Large-scale 2D electron microscopy (EM), or nanotomy, is the tissue-wide application of nanoscale resolution electron microscopy. Others and we previously applied large scale EM to human skin pancreatic islets, tissue culture and whole zebrafish larvae1-7. Here we describe a universally applicable method for tissue-scale scanning EM for unbiased detection of sub-cellular and molecular features. Nanotomy was applied to investigate the healthy and a neurodegenerative zebrafish brain. Our method is based on standardized EM sample preparation protocols: Fixation with glutaraldehyde and osmium, followed by epoxy-resin embedding, ultrathin sectioning and mounting of ultrathin-sections on one-hole grids, followed by post staining with uranyl and lead. Large-scale 2D EM mosaic images are acquired using a scanning EM connected to an external large area scan generator using scanning transmission EM (STEM). Large scale EM images are typically ~ 5 - 50 G pixels in size, and best viewed using zoomable HTML files, which can be opened in any web browser, similar to online geographical HTML maps. This method can be applied to (human) tissue, cross sections of whole animals as well as tissue culture1-5. Here, zebrafish brains were analyzed in a non-invasive neuronal ablation model. We visualize within a single dataset tissue, cellular and subcellular changes which can be quantified in various cell types including neurons and microglia, the brain's macrophages. In addition, nanotomy facilitates the correlation of EM with light microscopy (CLEM)8 on the same tissue, as large surface areas previously imaged using fluorescent microscopy, can subsequently be subjected to large area EM, resulting in the nano-anatomy (nanotomy) of tissues. In all, nanotomy allows unbiased detection of features at EM level in a tissue-wide quantifiable manner.

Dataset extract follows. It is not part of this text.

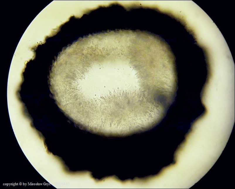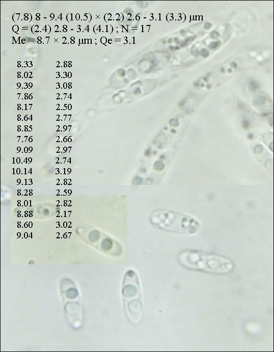 Niżej prezentowane stanowisko nie jest u mnie odosobnione. Dość często spotykam na martwych gałęziach czeremchy pospolitej ten gatunek. Wyrasta nie zawsze spod kory, rośnie również na dość silnie zbutwiałym drewnie. Cechy makroskopowe oraz mikroskopowe przemawiaja o przynależności rodzajowej do Tympanopsis. W zasadzie wszystkie cechy oprócz jednej pasują do Tympanopsis confertula. Nie mogę tej kolekcji jednak uznać za ten gatunek, ponieważ ma zbyt wąskie zarodniki. Na pewno nie jest to błąd pomiaru czy też kwestia dojrzałości owocników. Kilkakrotne pomiary na innych kolekcjach wykazują bardzo zbliżone wartości. W tej sytuacji jedynie można podejrzewać, że ten konkretny gatunek nie został jeszcze opisany? Zgodnie z najbardziej współczesną literaturą nie można mojej kolekcji również uznać za którychs z gatunków Nitschkia, chociaż identyczne kolekcje, duża ilość mykologów określa jako Nitschkia grevillii. Dla tego gatunku Nitschkia, szerokość zarodników jest zbyt duża. Również nie wszystkie cechy makroskopowe są zgodne z koncepcją tego rodzaju. Powierzchnia owocnika powinna być gładka a nie tak silnie brodawkowana. Przynajmniej tak określa wygląd owocników tego gatunku Larissa Vasilyeva która dokonała częściowej rewizji tych gatunków.Galeria zdjęć

Recent technical developments have improved the versatility, applicability and quantitative nature of EM, leading to a revival of ultrastructural analysis. Advances include 3D EM, large scale 2D EM and improved methods and reagents for correlated light microscopy and electron microscopy (CLEM) to compare other modes of microscopic analysis directly to the EM level8-10. Large-scale 2D EM is particularly suitable to quantify or identify (novel) disease features for human pathology, study animal models for disease and tissue culture models. Due to the typically small field of view it is difficult to correlate changes at high magnification to a tissue wide scale, as well as to unbiasedly and quantitatively analyze ultrastructural features.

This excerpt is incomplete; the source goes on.